RAW DATA section start

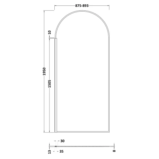 Hudson Reed 900mm Arched Wetroom Screen - 8mm Glass - Matt Black
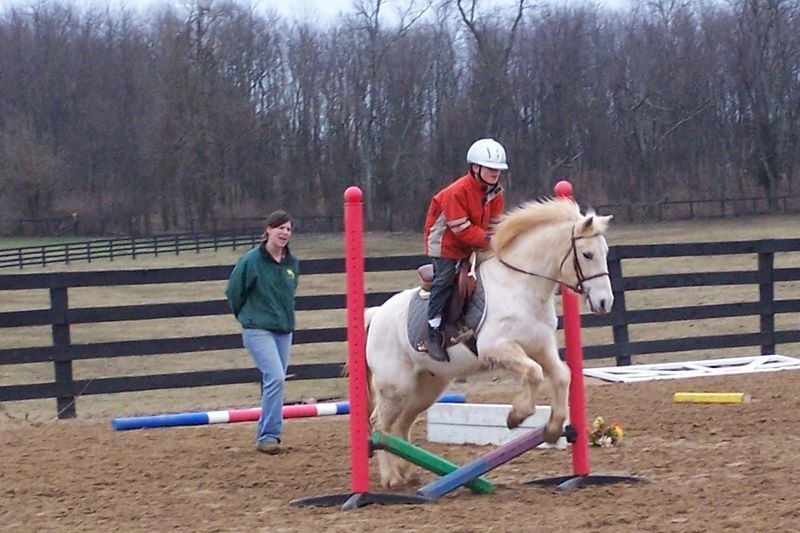 Until now, Joe hasn’t been as enamored with riding as Mike or Hannah, frequently being more interested in our dogs or the cats or digging in the dirt. But our recent Pony Camp has re-ignited his interest – maybe the horse, or maybe the young lady who was also participating? Joe rides Zack, an 11 hand grey pony; the pair are (pictured right) at a lesson this winter. He finished our farm show last year and was quite competent showing in this year’s horse trial.
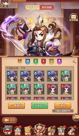 1、一般是武将背包满了,需要清掉一些没用的武将时的一个好功能,遣散了还能获得武将精魄,此道具积攒起来还可以去武将商城兑换武将。
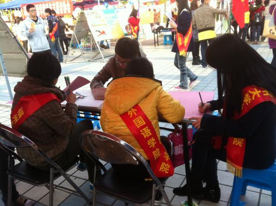 不同院系的青年志愿者相聚一区广场,在电影天堂

RAW DATA section end

* TASK REQUIREMENTS
An exact reproduction of the material above is needed, without its pictures.

* ANSWER SPACE
 Hudson Reed 900mm Arched Wetroom Screen - 8mm Glass - Matt Black
 Until now, Joe hasn’t been as enamored with riding as Mike or Hannah, frequently being more interested in our dogs or the cats or digging in the dirt. But our recent Pony Camp has re-ignited his interest – maybe the horse, or maybe the young lady who was also participating? Joe rides Zack, an 11 hand grey pony; the pair are (pictured right) at a lesson this winter. He finished our farm show last year and was quite competent showing in this year’s horse trial.
 1、一般是武将背包满了,需要清掉一些没用的武将时的一个好功能,遣散了还能获得武将精魄,此道具积攒起来还可以去武将商城兑换武将。
 不同院系的青年志愿者相聚一区广场,在电影天堂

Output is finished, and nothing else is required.